▸ What is needed:
Your copy should hold exactly the lines from the beginning of the listing below through the line with "Рентабельность продукции (коэффициент", without any pictures.

▸ Supplied material:

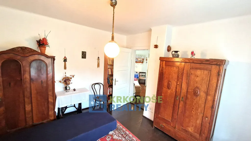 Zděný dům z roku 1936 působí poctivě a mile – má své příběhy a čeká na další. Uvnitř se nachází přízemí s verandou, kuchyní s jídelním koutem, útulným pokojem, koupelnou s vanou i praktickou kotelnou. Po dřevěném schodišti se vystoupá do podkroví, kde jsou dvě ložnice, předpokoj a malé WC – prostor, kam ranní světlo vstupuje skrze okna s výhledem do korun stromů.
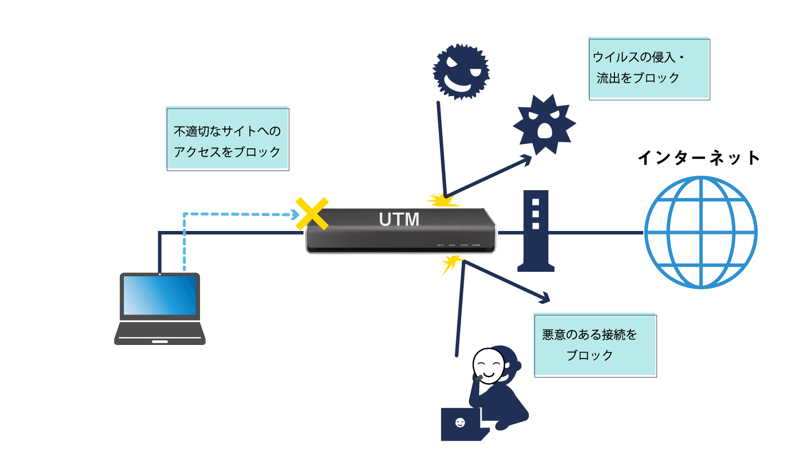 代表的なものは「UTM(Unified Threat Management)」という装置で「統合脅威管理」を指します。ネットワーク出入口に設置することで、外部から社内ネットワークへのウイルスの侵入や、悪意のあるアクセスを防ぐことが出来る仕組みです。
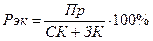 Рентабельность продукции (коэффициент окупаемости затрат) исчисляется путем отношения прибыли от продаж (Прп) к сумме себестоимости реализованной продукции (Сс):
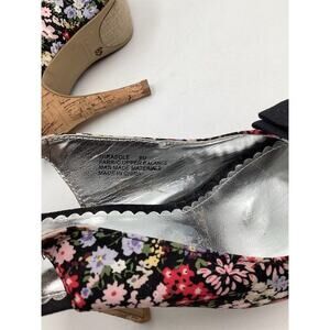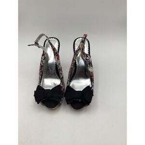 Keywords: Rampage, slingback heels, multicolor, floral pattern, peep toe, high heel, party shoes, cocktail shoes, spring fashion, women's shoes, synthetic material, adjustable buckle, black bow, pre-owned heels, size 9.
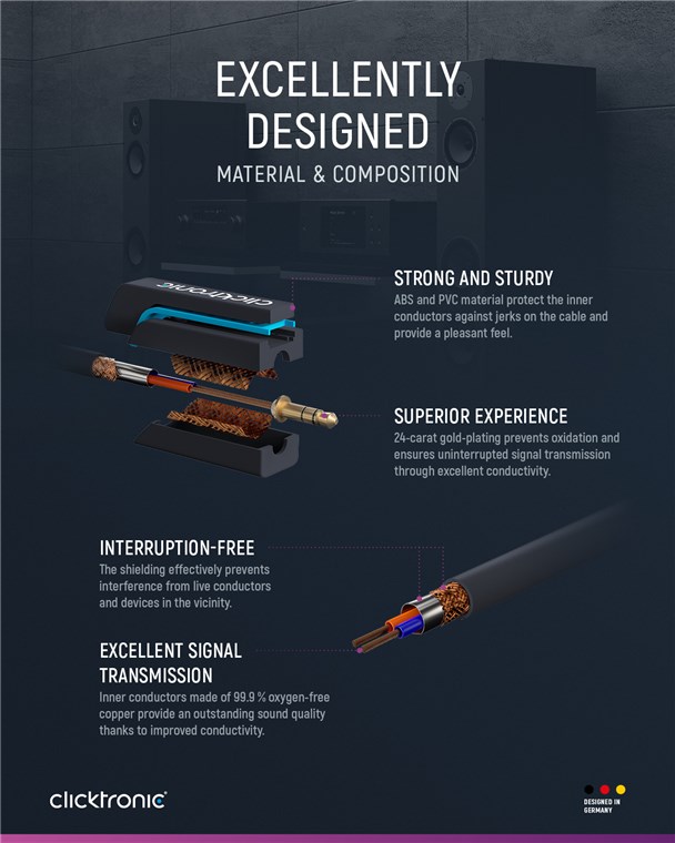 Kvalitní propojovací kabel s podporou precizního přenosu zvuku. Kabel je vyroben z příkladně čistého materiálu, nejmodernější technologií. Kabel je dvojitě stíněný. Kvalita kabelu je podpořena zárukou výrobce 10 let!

▸ Solved problem:
 Zděný dům z roku 1936 působí poctivě a mile – má své příběhy a čeká na další. Uvnitř se nachází přízemí s verandou, kuchyní s jídelním koutem, útulným pokojem, koupelnou s vanou i praktickou kotelnou. Po dřevěném schodišti se vystoupá do podkroví, kde jsou dvě ložnice, předpokoj a malé WC – prostor, kam ranní světlo vstupuje skrze okna s výhledem do korun stromů.
 代表的なものは「UTM(Unified Threat Management)」という装置で「統合脅威管理」を指します。ネットワーク出入口に設置することで、外部から社内ネットワークへのウイルスの侵入や、悪意のあるアクセスを防ぐことが出来る仕組みです。
 Рентабельность продукции (коэффициент окупаемости затрат) исчисляется путем отношения прибыли от продаж (Прп) к сумме себестоимости реализованной продукции (Сс):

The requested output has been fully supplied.